Caching mechanisms for GPT-5.6 Sol are not explicitly detailed in the provided information. However, OrcaRouter may implement prompt caching or request deduplication to reduce costs for repeated or similar inputs. Developers should consult OrcaRouter's documentation for any available caching features. If caching is available, sending identical prompts multiple times could avoid recomputation costs. Without official confirmation, users should plan for full token billing for each unique request. For predictable costs, consider setting max_tokens limits and monitoring your token usage via OrcaRouter's dashboard.
To use GPT-5.6 Sol, send a POST request to OrcaRouter's OpenAI-compatible endpoint: https://api.orcarouter.ai/v1/chat/completions. Set the model parameter to 'openai/gpt-5.6-sol'. Include your API key in the Authorization header. The request body should follow the standard OpenAI chat completions format: a list of messages with role and content. You can include text, image URLs (data URIs), and file attachments. Example: { "model": "openai/gpt-5.6-sol", "messages": [{"role": "user", "content": "Analyze this document."}], "max_tokens": 1000 }. OrcaRouter handles routing and returns the response in the same format.
The API supports most parameters available in OpenAI's chat completions API. These include: 'temperature' (controls randomness), 'top_p' (nucleus sampling), 'max_tokens' (maximum output length), 'stop' (sequences to stop generation), 'frequency_penalty' and 'presence_penalty', 'stream' (for streaming), and 'user' (for end-user identification). The 'max_tokens' parameter cannot exceed the 128,000 token output limit. For file inputs, you can include file URLs or attachments in the content array. OrcaRouter may also support additional parameters like 'seed' for deterministic outputs; refer to their API documentation for full details. Note that the model's output length is constrained by both max_tokens and the remaining context capacity. Always set max_tokens within the output limit.
Migrating is straightforward because OrcaRouter's API is fully OpenAI-compatible. Simply change the base URL from https://api.openai.com to https://api.orcarouter.ai/v1, and update the model ID from 'gpt-5.6-sol' to 'openai/gpt-5.6-sol'. If you were using an OpenAI SDK (e.g., Python openai package), you can override the base URL and model in your client configuration. For example, in Python: client = OpenAI(base_url='https://api.orcarouter.ai/v1', api_key='your_orcarouter_key'). Then use client.chat.completions.create(model='openai/gpt-5.6-sol', ...). This minimizes code changes. Authentication is handled via an API key provided by OrcaRouter. Ensure your key has the necessary permissions.
OrcaRouter requires an API key for authentication.
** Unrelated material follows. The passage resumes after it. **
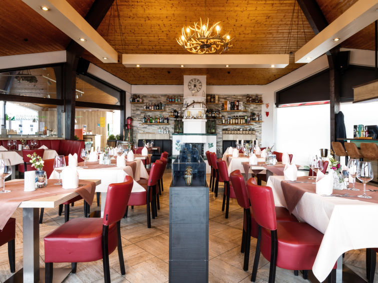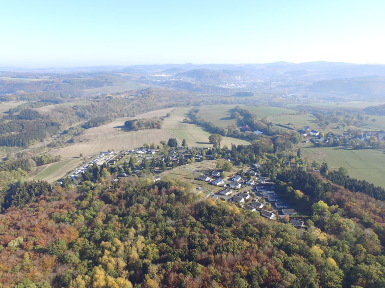 Vakantiecomplex "Waldferienpark Gerolstein". Buiten de plaats, 3 km van het centrum van Gerolstein, geïsoleerde, rustige ligging op een heuvel, 100 m van de bosrand, 24 km van het meer, 100 m van het beekje, te midden van groen. Voor medegebruik: overdekt zwembad verwarmd (70 m2, 130 cm diepte) met trap. Douche/WC bij het zwembad, kinderspeelplaats (glijbaan, schommel, zandbak), minidierentuin. Voor alleengebruik: tuin met gazon. In het complex: restaurant, bar, ontbijtruimte, salon, biljart, trampoline, zonneterras. Broodjesservice op verzoek (extra). Trappenweg naar het huis. Parkeerplaats op het terrein. Winkel 3 km, levensmiddelenwinkel 2.5 km, supermarkt 2.5 km, winkelcentrum 3 km, fietsverhuur 6 km, bushalte "Gerolstein" 3 km, treinstation "Gerolstein" 3 km, openluchtzwembad 3 km, meer (zwemmen) 3.2 km. Golfterrein (18 holes) 18 km, tennis 3 km, midgetgolf 50 m, manege 4 km, wandelroutes 50 m vanaf het huis. Attracties in de buurt: Kylltal, Burg Eltz. Bekende meren kunnen gemakkelijk worden bereikt: Pulvermaar 24 km. Auto noodzakelijk.

This key should be included in the HTTP request header as 'Authorization: Bearer YOUR_API_KEY'. The key is obtained by signing up for an OrcaRouter account and creating an API key in the dashboard. OrcaRouter may offer different tiers with rate limits and model access. The same key can be used for all models accessible through OrcaRouter, including GPT-5.6 Sol. Keep your key secure and rotate it periodically. For high-security environments, OrcaRouter may support additional authentication methods; check their documentation. If you encounter authentication errors, verify that the key is correct and has not expired. Contact support for account issues.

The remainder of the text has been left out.